_PROBLEM DESCRIPTION_: Reproduce the listing word for word, leaving every picture behind.

##### RAW DATA

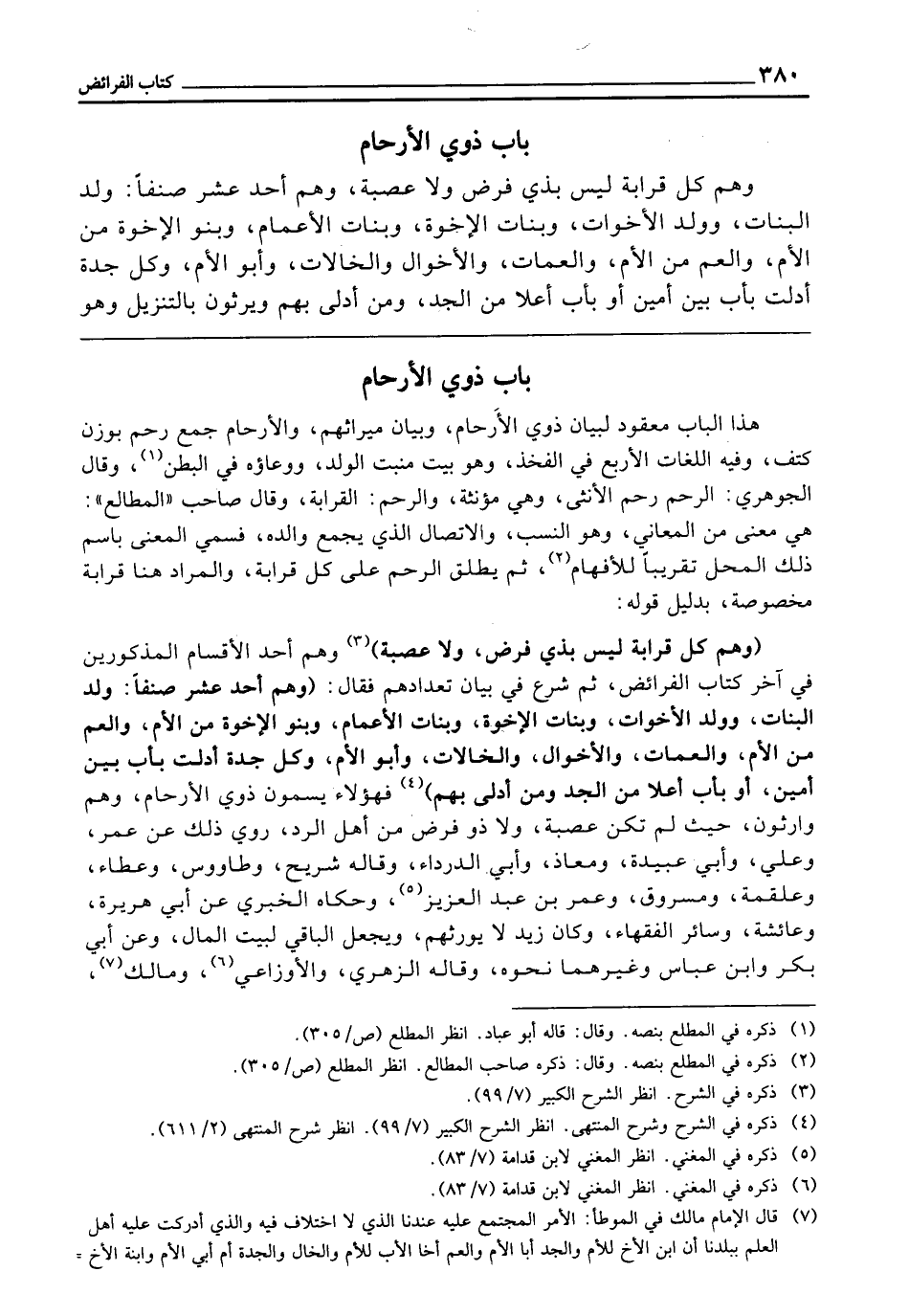 ِ هَذَا الْبَابُ مَعْقُودٌ لِبَيَانِ ذَوِي الْأَرْحَامِ، وَبَيَانِ مِيرَاثِهِمْ، وَالْأَرْحَامُ جَمْعُ رَحِمٍ بِوَزْنِ كَتِفٍ، وَفِيهِ اللُّغَاتُ الْأَرْبَعُ فِي الْفَخْذِ، وَهُوَ بَيْتُ مَنْبِتِ الْوَلَدِ، وَوِعَاؤُهُ فِي الْبَطْنِ، وَقَالَ الْجَوْهَرِيُّ: الرَّحِمُ رَحِمُ الْأُنْثَى، وَهِيَ مُؤَنَّثَةٌ، وَالرَّحِمُ: الْقَرَابَةُ، وَقَالَ صَاحِبُ الْمَطَالِعِ: هِيَ مَعْنًى مِنَ الْمَعَانِي، وَهُوَ النَّسَبُ وَالِاتِّصَالُ الَّذِي يَجْمَعُ وَالِدَهُ، فَسُمِّيَ الْمَعْنَى بِاسْمِ ذَلِكَ الْمَحَلِّ تَقْرِيبًا لِلْأَفْهَامِ، ثُمَّ يُطْلَقُ الرَّحِمُ عَلَى كُلِّ قَرَابَةٍ، وَالْمُرَادُ هُنَا قَرَابَةٌ مَخْصُوصَةٌ، بِدَلِيلِ قَوْلِهِ:
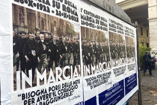 MILAN (AP) — Italy’s failure to come to terms with its fascist past has become evident as it prepares to mark the 100th anniversary Friday of the March on Rome that brought totalitarian dictator Benito Mussolini to power, a milestone that coincides with the country's first postwar government led by a party with a neo-fascist roots taking office.
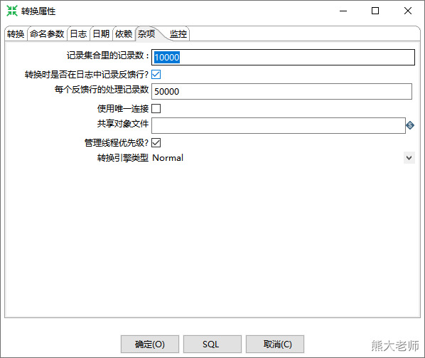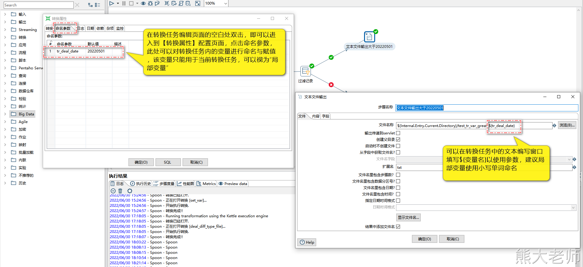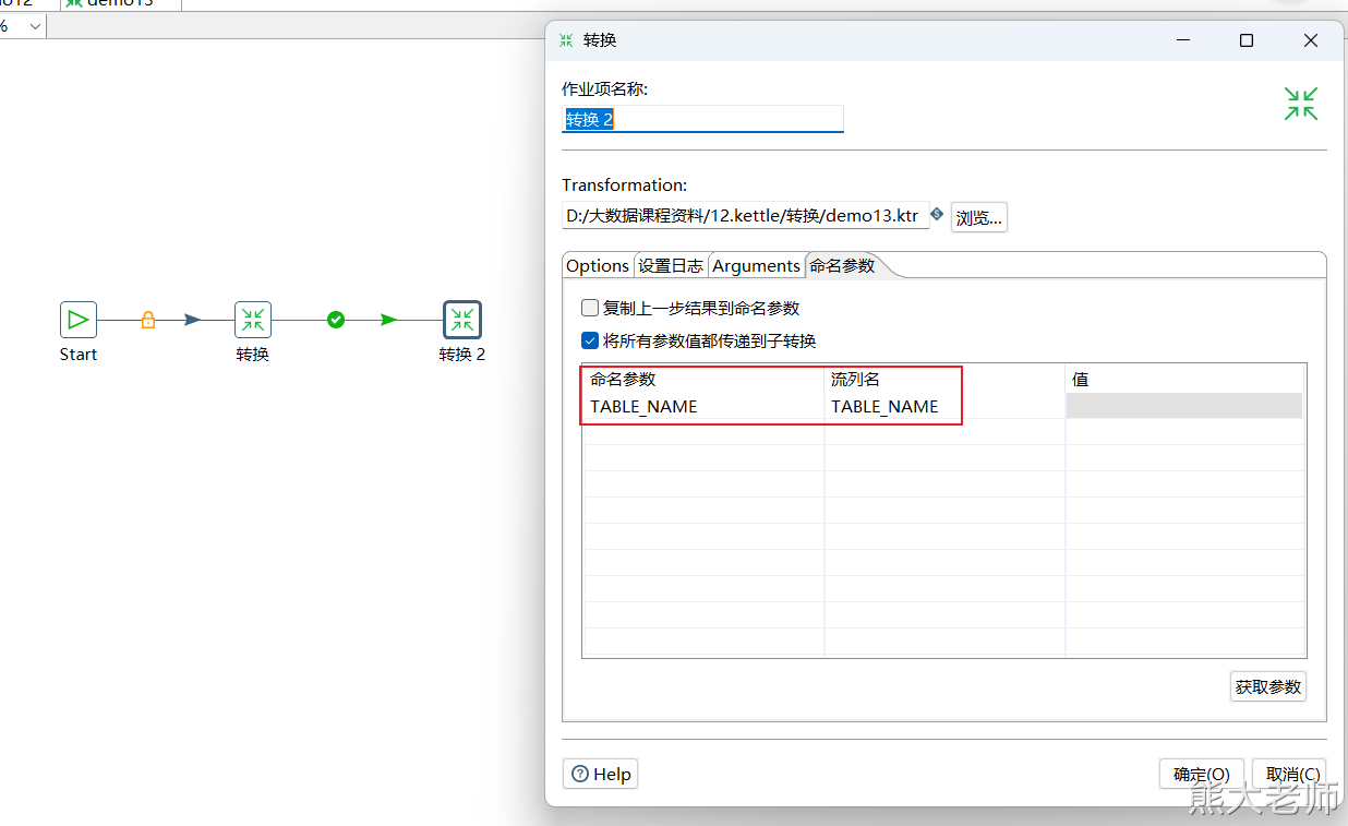 转换命名参数就是在转换的内部定义变量,作用范围在转换的内部,相当于是局部参数。设置转换命名参数可以在转换空白处双击打开“转换属性”->“命名参数”进行设置

##########

_ANSWER TO THIS TASK_:
 ِ هَذَا الْبَابُ مَعْقُودٌ لِبَيَانِ ذَوِي الْأَرْحَامِ، وَبَيَانِ مِيرَاثِهِمْ، وَالْأَرْحَامُ جَمْعُ رَحِمٍ بِوَزْنِ كَتِفٍ، وَفِيهِ اللُّغَاتُ الْأَرْبَعُ فِي الْفَخْذِ، وَهُوَ بَيْتُ مَنْبِتِ الْوَلَدِ، وَوِعَاؤُهُ فِي الْبَطْنِ، وَقَالَ الْجَوْهَرِيُّ: الرَّحِمُ رَحِمُ الْأُنْثَى، وَهِيَ مُؤَنَّثَةٌ، وَالرَّحِمُ: الْقَرَابَةُ، وَقَالَ صَاحِبُ الْمَطَالِعِ: هِيَ مَعْنًى مِنَ الْمَعَانِي، وَهُوَ النَّسَبُ وَالِاتِّصَالُ الَّذِي يَجْمَعُ وَالِدَهُ، فَسُمِّيَ الْمَعْنَى بِاسْمِ ذَلِكَ الْمَحَلِّ تَقْرِيبًا لِلْأَفْهَامِ، ثُمَّ يُطْلَقُ الرَّحِمُ عَلَى كُلِّ قَرَابَةٍ، وَالْمُرَادُ هُنَا قَرَابَةٌ مَخْصُوصَةٌ، بِدَلِيلِ قَوْلِهِ:
 MILAN (AP) — Italy’s failure to come to terms with its fascist past has become evident as it prepares to mark the 100th anniversary Friday of the March on Rome that brought totalitarian dictator Benito Mussolini to power, a milestone that coincides with the country's first postwar government led by a party with a neo-fascist roots taking office.
 转换命名参数就是在转换的内部定义变量,作用范围在转换的内部,相当于是局部参数。设置转换命名参数可以在转换空白处双击打开“转换属性”->“命名参数”进行设置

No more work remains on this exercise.